Steps to reproduce the problem

This code is taken basically as it is from the above linked tutorial, with a different target molecule. The first part of the code is related to the chemistry side, and it is not the core of the problem. However, I'm leaving it here so that you have everything you need to make it run:

import numpy as np
import pyscf
import pyscf.cc
import pyscf.mcscf
import ffsim
from qiskit import QuantumCircuit, QuantumRegister
from qiskit_ibm_runtime.fake_provider import FakeSherbrooke
from qiskit_aer import AerSimulator
from qiskit.transpiler.preset_passmanagers import generate_preset_pass_manager
from qiskit_ibm_runtime import SamplerV2 as Sampler


# Specify molecule properties
open_shell = False
spin_sq = 0

# Build the molecule
mol = pyscf.gto.Mole()
mol.build(
    atom=[["H", (0, 0, 0)], ["H", (0, 0.742, 0)]],
    basis="STO-3G",
    unit="Angstrom",
)


# Define active space
n_frozen = 0
active_space = range(n_frozen, mol.nao_nr())

# Get molecular integrals
scf = pyscf.scf.RHF(mol).run()
num_orbitals = len(active_space)
n_electrons = int(sum(scf.mo_occ[active_space]))

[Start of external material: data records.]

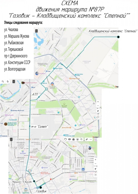 - № 87Р: «Никольский собор - Кладбищенский комплекс». Остановки в прямом направлении: «ДК «Газовик», «ул. Маршала Г.К. Жукова», «м-н Салют», «АТП», «Кладбищенский комплекс». В обратном направлении: «Кладбищенский комплекс», «АТП», «м-н Салют», «ул. Маршала Г.К. Жукова», «ДК «Газовик».
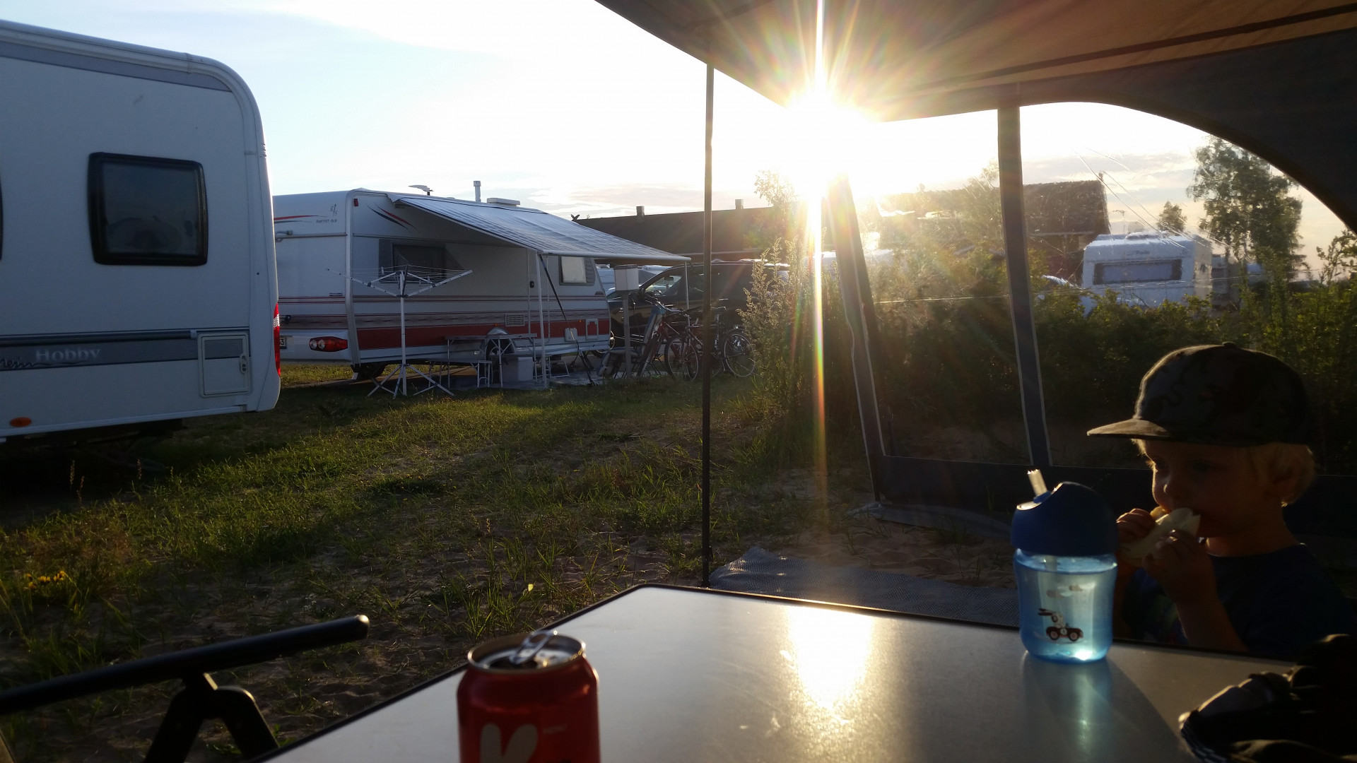 Eilen illalla lähdettiin kesken loman hellettä karkuun ja tultiin kotiin. Meillä ekaa kertaa ikinä vaunuilua yöllä ja itse ainakin tykkäsin ihan kybällä, kerrankin ei tarttenut ajella paahteessa vasta-aurinkoon kuten nuo kotiin paluut usein ovat olleet :)
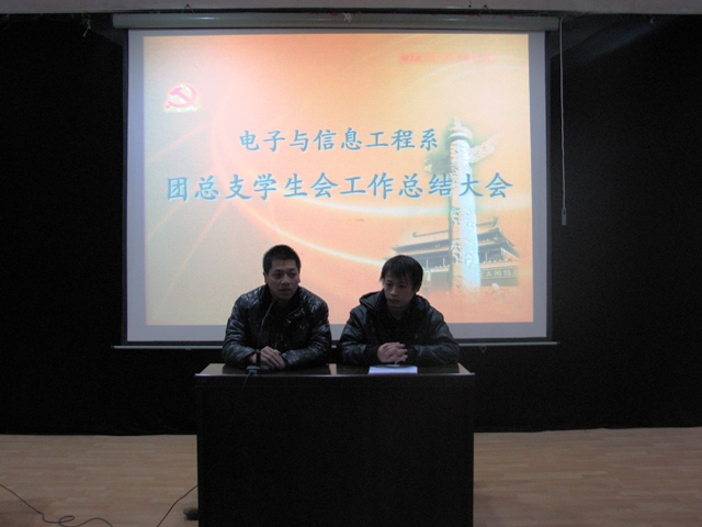 1月10日晚7点,电子与信息工程系2010年团总支、系员工分会工作总结会在1号教学楼报告厅举行。系团总支、各团支部、系员工分会主席团和各部的员工干部参加了会议,会议由系员工分会副主席张勇主持。
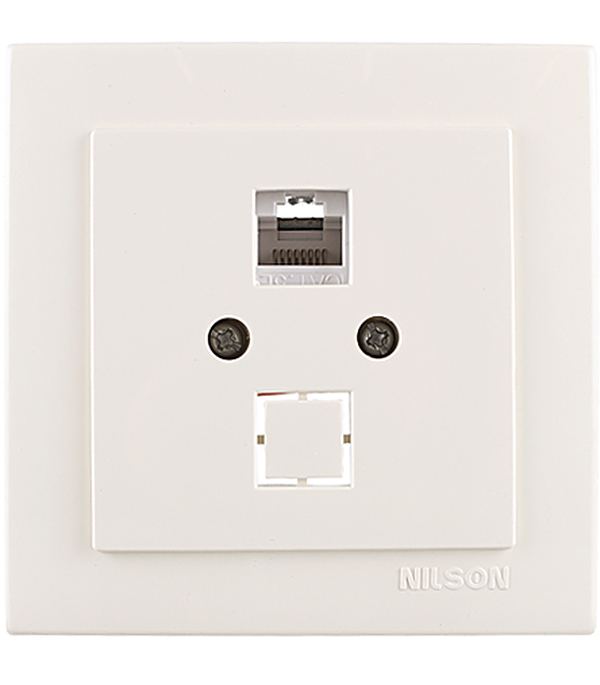 Розетка компьютерная с рамкой Nilson TOURAN 24121644 скрытая установка бежевая один модуль RJ45 cat 5
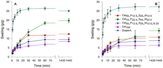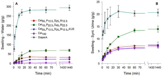 Fluid salinity is one of the factors influencing the swelling capacity of hydrogels. This factor was investigated, as the proposed application requires salt-resistant hydrogels to ensure high swelling in the presence of saline solutions [,]. The swelling kinetics of selected hydrogels are present in deionized water (Figure 7A) and in synthetic urine (Figure 7B). In deionized water, the differences in absorption between the prepared hydrogels and the SAP from diapers were particularly clear. DiaperA SAP showed a significantly higher water absorbing capacity, attaining a maximum absorption of ~295 g/g. Among the prepared hydrogels, the Cel10_P22.5_S45_M22.5 formulation proved to be the most remarkable, as it achieved a swelling ratio of 69 g/g. The remaining hydrogels exhibited significantly lower swelling capacities, ranging from 5 to 10 g/g, which was particularly unexpected, particularly for the Cel50_P12.5_S25_M12.5_i0.25 formulation which had previously achieved a swelling capacity of ~93 g/g in disk samples. This result is possibly due to the lack of a compact structure and low gel content, resulting in a significant reduction in swelling after grinding. Despite the higher swelling capacity of DiaperA in water, the introduction of salinity into the medium led to a drastic decrease in its maximum swelling capacity. Although the highest swelling capacity of DiaperA was maintained in synthetic urine, the ability of hydrogels to absorb liquid solution was significantly reduced by the presence of salts, resulting in a decrease in the maximum swelling from ~295 g/g to ~20 g/g. Regarding the prepared cellulose-based samples, Cel10_P22.5_S45_M22.5 showed the highest swelling capacity (~15 g/g), which narrowed the gap to DiaperA, compared to the results obtained in water. The other cellulose-based hydrogel formulations had maximum swelling values between 6.9 and 7.5 g/g and showed no substantial difference between water and synthetic urine.
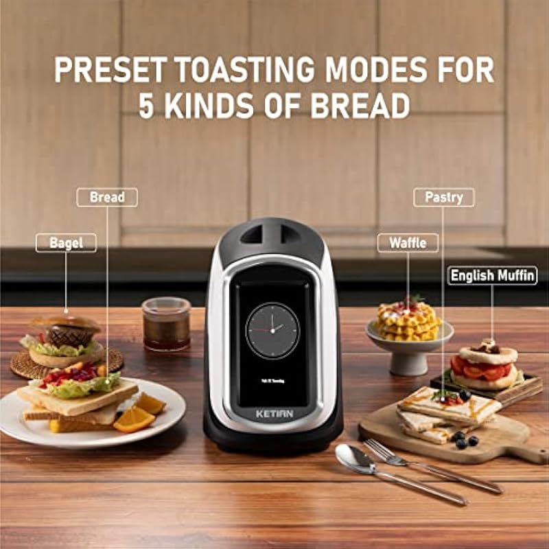 2 Slice Touchscreen Toaster,2 Wide Slots,Smart Bread Toaster for Bagel English Muffins Toast Pastry Waffles Bread, Customize Toasting Time,Have a Quick Look,120V 1400W
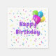 Grattis på födelsedagen text på vit bakgrund med färgstarka kandissprinkler och ballonger. Bakgrunden till färg kan ändras.
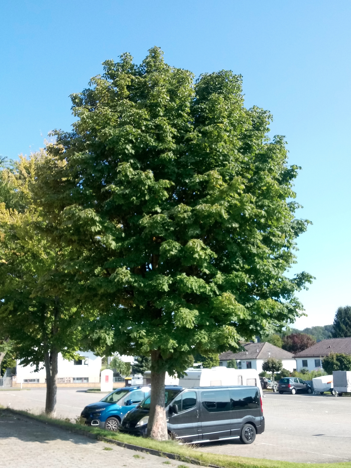 Zunächst ist doch etwas Erstaunen angesagt, wenn man im August vor einem Kastanienbaum steht – seinen Blättern nach eindeutig eine Gemeine Rosskastanie – und so überhaupt keine sich entwickelnden Früchte (also Kastanien) entdecken kann. Nun ist die Gemeine Rosskastanie einhäusig, womit auszuschließen ist, dass man es etwa mit einem „männlichen” Baum zu tun haben könnte. Aber was dann? Hat die Kastanie bei der Bestäubung einfach Pech gehabt?
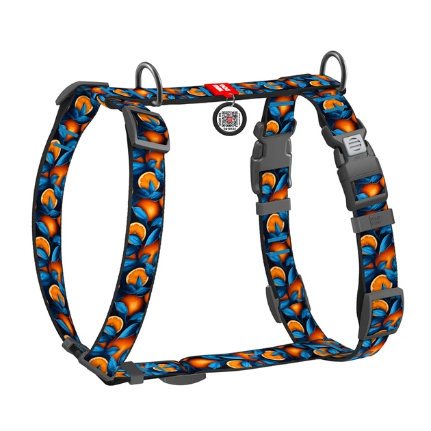 Шлей для собак анатомічний H-подібний WAUDOG Nylon з QR-паспортом, малюнок "Апельсині", пластиковий фастекс, L, Ш 25 мм, A 5

num_elec_a = (n_electrons + mol.spin) // 2
num_elec_b = (n_electrons - mol.spin) // 2
cas = pyscf.mcscf.CASCI(scf, num_orbitals, (num_elec_a, num_elec_b))
mo = cas.sort_mo(active_space, base=0)
hcore, nuclear_repulsion_energy = cas.get_h1cas(mo)
eri = pyscf.ao2mo.restore(1, cas.get_h2cas(mo), num_orbitals)

# Compute exact energy
exact_energy = cas.run().e_tot


# Next, let's create the ansatz
# The LUCJ ansatz is a parametrized quantum circuit, and we will initialize it with t2 and t1 amplitudes obtained from a CCSD calculation.
# Get CCSD t2 amplitudes for initializing the ansatz
froz = [i for i in range(mol.nao_nr()) if i not in active_space] if n_frozen > 0 else 0
ccsd = pyscf.cc.CCSD(scf, frozen=froz).run()
t1 = ccsd.t1
t2 = ccsd.t2

# Create the UCJ Circuit
n_reps = 2
alpha_alpha_indices = [(p, p+1) for p in range(num_orbitals - 1)]
alpha_beta_indices = [(p, p) for p in range(0, num_orbitals, 4)]

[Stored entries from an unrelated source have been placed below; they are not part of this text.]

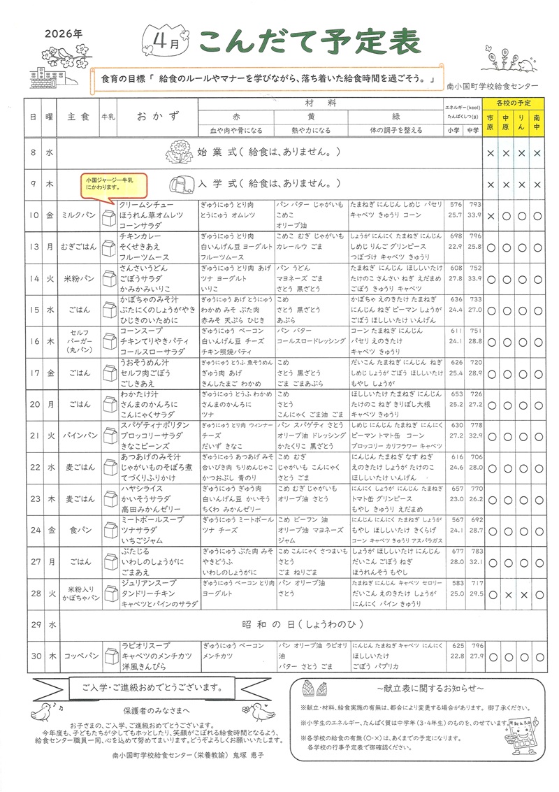 R8年度4月行事予定
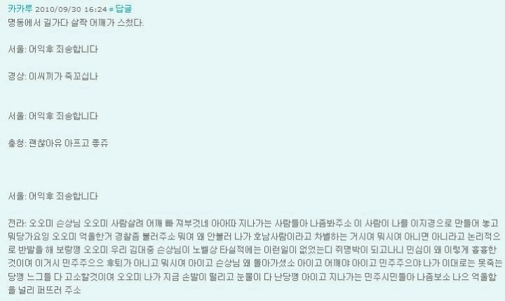 응 전라도 + 김대중 대통령 비하 투성이 ㅇㅇ 일베발 용어 맞는데 쓰니까 재밌어?ㅠ 신나?ㅠ 막 본인이 힙한 유행어 장난충이 된 것 같애?ㅠ 슨상님 쓰면서 주접 떠니까 막 재밌어진 기분이야?ㅠ
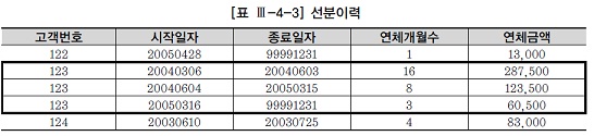 SELECT 연체개월수 , 연체금액 FROM 고객별연체금액 WHERE 고객번호 = :cust_num AND 종료일자 = '99991231'
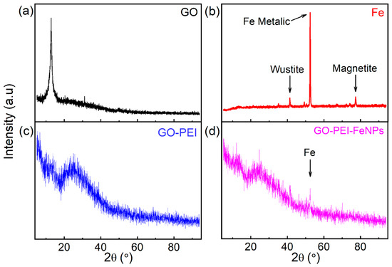 XRD diffractogram of (a) GO, (b) metallic iron, (c) GO–PEI and (d) GO–PEI–FeNPs.
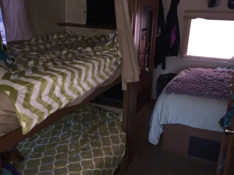Two slides. Sleeps 8. Bunks, queen master, sofa bed and table bed. Fully loaded and in excellent condition. Oven, microwave, 4 tv’s, Fully loaded and stocked. Super clean. No smoking.
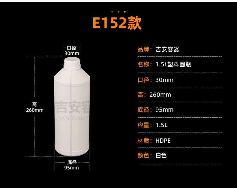 東莞市吉安包裝容器有限公司創(chuàng)立于2000年8月1日,是中國(guó)知名品牌企業(yè)。已通過(guò)ISO 9001質(zhì)量管理體系資質(zhì)認(rèn)證,加入了中國(guó)中空協(xié)會(huì),并獲得《中國(guó)知名品牌》,《國(guó)家標(biāo)準(zhǔn)合格產(chǎn)品》,《全國(guó)重合同守信用AAA級(jí)企業(yè)》,《質(zhì)量.服務(wù).誠(chéng)信AAA企業(yè)》等榮譽(yù)稱號(hào)。根據(jù)材質(zhì)的不同,我們的產(chǎn)品分為塑料容器、鐵質(zhì)容器、鋁材容器、玻璃容器、紙質(zhì)容器等五大類。按產(chǎn)品的名稱分為塑料桶、塑料瓶、包裝桶、涂料桶、機(jī)油桶、油脂桶、化工罐、膠水瓶、鐵桶、鐵罐、鋁瓶、鋁罐、阻隔瓶、高阻隔瓶等,容量從3ML至1000L多種規(guī)格,多種款式。適合包裝的產(chǎn)品包括:化學(xué)試劑、化工原料、化工助劑、飼料添加劑、油墨、油漆、樹脂農(nóng)藥、日用化學(xué)品、聚氨脂、膠粘劑,廣泛應(yīng)用于化工、建筑、食品、醫(yī)療、生物等各領(lǐng)域。
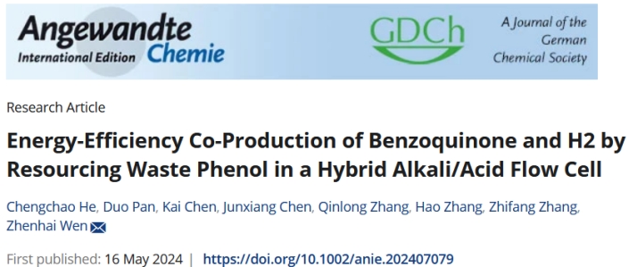 近日,我校2138CC太阳集团2021级研究生贺成超同学(导师张智芳教授)以第一作者身份在国际顶级期刊《Angewandte Chemie International Edition》发表了题为“Energy-Efficiency Co-Production of Benzoquinone and H2by Resourcing Waste Phenol in a Hybrid Alkali/Acid Flow Cell”的研究论文,该论文的第一完成单位为太阳集团2138。《Angewandte Chemie International Edition》为化学领域顶级期刊(影响因子16.6),这是我校研究生首次在该期刊上发表研究论文。
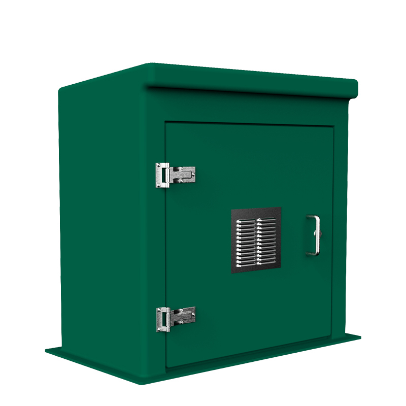 All enclosures have a tough weather resistant polyester gel coat outer, reinforced with a GRP laminate incorporating an encapsulated polyurethane foam core to provide insulation. External colour options are RAL6005 Green or BS 00A05 Industrial Grey. Other colours are available on request.
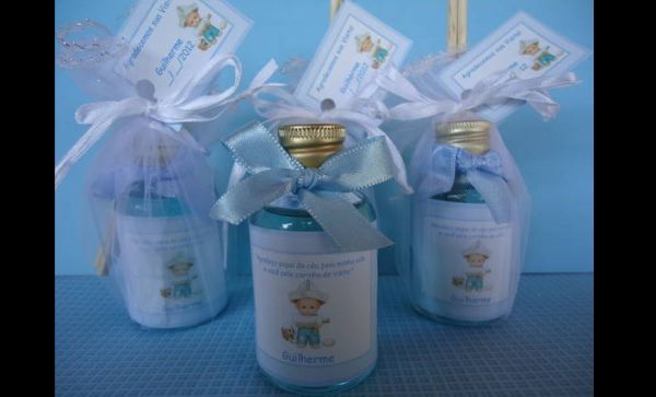 Para oferecer o aromatizador como lembrancinha de maternidade, fixe no vidrinho uma etiqueta com bichinho, flores delicadas, minibichinhos de pelúcia ou o enfeite infantil que você desejar. O líquido pode ser o que você aprendeu a fazer anteriormente.

ucj_op = ffsim.UCJOpSpinBalanced.from_t_amplitudes(
    t2=t2,
    t1=t1,
    n_reps=n_reps,
    interaction_pairs=(alpha_alpha_indices, alpha_beta_indices),
)

nelec = (num_elec_a, num_elec_b)

# Create an empty quantum circuit
qubits = QuantumRegister(2*num_orbitals, name="q")
print(f"Number of qubits: {2*num_orbitals}")
circuit = QuantumCircuit(qubits)

# Prepare HF state as the reference state and append it to the quantum circuit
circuit.append(ffsim.qiskit.UCJOpSpinBalancedJW(ucj_op), qubits)
circuit.measure_all()
# circuit.draw()


# Set up the backend
target_backend = FakeSherbrooke()
backend = AerSimulator.from_backend(target_backend)
backend.set_options(noise_model=None)


spin_a_layout = [0, 14, 18, 19, 20, 33, 39, 40, 41, 53, 60, 61, 62, 72, 81, 82][:num_orbitals]
spin_b_layout = [2, 3, 4, 15, 22, 23, 24, 34, 43, 44, 45, 54, 64, 65, 66, 73][:num_orbitals]
layout = spin_a_layout + spin_b_layout

pass_manager = generate_preset_pass_manager(
    optimization_level=0, backend=backend, initial_layout=layout
)


pass_manager.pre_init = ffsim.qiskit.PRE_INIT
isa_circuit = pass_manager.run(circuit)
print(f"Gate counts (w/ pre-init passes): {isa_circuit.count_ops()}")


# Run the simulation
shots = 10000
sampler = Sampler(mode=backend)
job = sampler.run([isa_circuit], shots=shots)

primitive_result = job.result()
pub_result = primitive_result[0]
counts = pub_result.data.meas.get_counts()

print(counts)

What is the expected behavior?

The expected output is something like:
{'0000': 7698, '0100': 447, '1000': 494, '0001': 336, '0010': 468, '0011': 186, '0101': 38, '1010': 36, '1100': 177, '1001': 44, '0111': 10, '0110': 33, '1011': 14, '1101': 8, '1110': 9, '1111': 2}
This has been taken from the noisy simulation.

On the opposite, when I'm running it noiselessly, the output is:
{'0000': 10000}
which of course is a wrong behavior.

Suggested solutions

I've no idea of where the problem could lie, I guess I'd start from the effects of the noise model. Before opening this issue, I opened a similar one in the qiskit-addon-sqd repo, but I've been addressed to the aer community.